2. To every physical observable O, there exists an associated operator O such that Opsi = o*psi, and this equation is solvable for o and a corresponding value of psi.

Can anyone please tell me how the second postulate was "thunk up" as it appears to be completely random. I understand that the postulates are justified as they explain physical observations, but how would one even come to develop such a bizaar postulate as postulate 2.

2. Mar 9, 2009

### alxm

Historically it wasn't just 'thunk up'. First the wave-like properties of matter were discovered empirically, then the question arose whether an equation similar to the wave equation could describe it, which lead to the Schrödinger equation, which was later formalized into more basic postulates.

That said, it wasn't entirely bizarre and random. This operator formalism and so on goes back to Lagrangian and Hamiltonian mechanics.

3. Mar 9, 2009

### Peeter

I've just finished the first half of Bohm's book Quantum Theory. He has a very nice motivation of the QM postulates in there (chapters 3-9). The first two chapters also provide historical context that may be of interest, but IMO are a bit more difficult than the straight QM content that follows.

4. Apr 4, 2010

### mpkannan

2. To every physical observable O, there exists an associated operator O such that Opsi = o*psi, and this equation is solvable for o and a corresponding value of psi.

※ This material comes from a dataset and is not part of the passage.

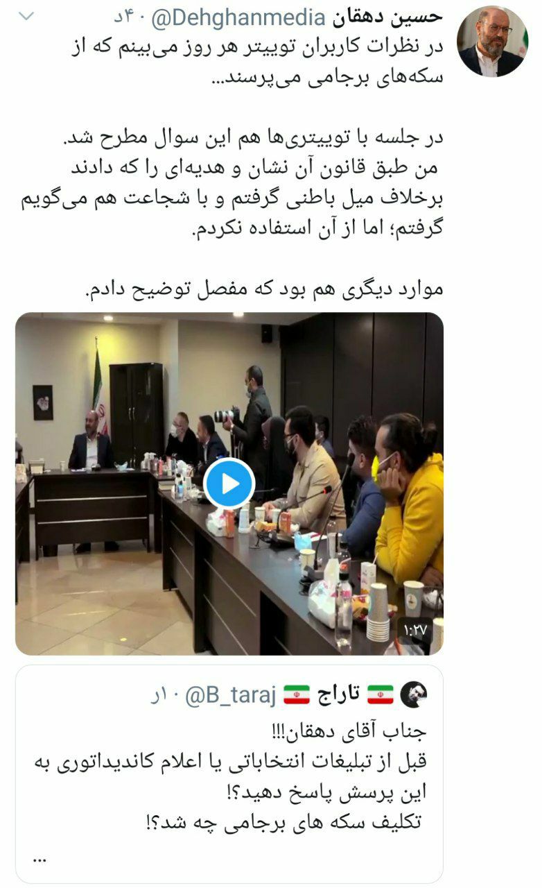 وزیر سابق دفاع و پشتیبانی نیروهای مسلح نوشت: در نظرات کاربران توییتر هر روز میبینم که از سکههای برجامی میپرسند.

Is it right to state that "such that Opsi = o*psi, and this equation is solvable for o and a corresponding value of psi"?. I think it is not correct, since the wave function psi need not be an eigen function of the operator of every observable.

5. Apr 4, 2010

### chrisphd

If the wavefunction isn't an eigenfunction of the operator O, then Opsi will not equal o*psi. That is, Opsi will not be simply a number multiplied by psi. Therefore only eigenfunctions can be solutions to the equation Opsi = o*psi. In fact, this forms the definition of the eigenfunctions of operator O.

6. Apr 5, 2010

### mpkannan

Re: Operator Equation
2. To every physical observable O, there exists an associated operator O such that Opsi = o*psi, and this equation is solvable for o and a corresponding value of psi.

The above postulate (such that Opsi = o*psi,) gives an impression that the wave function of a system is always an eigenfunction of the operator of every observable of the system. But this is untrue.

7. Apr 5, 2010

### chrisphd

Maybe it gives that impression however that isn't what I intended. I state that the equation Opsi = o*psi can be solved for o and psi. Meaning that the possibilities of o and the possibilities of psi are both dependent on O.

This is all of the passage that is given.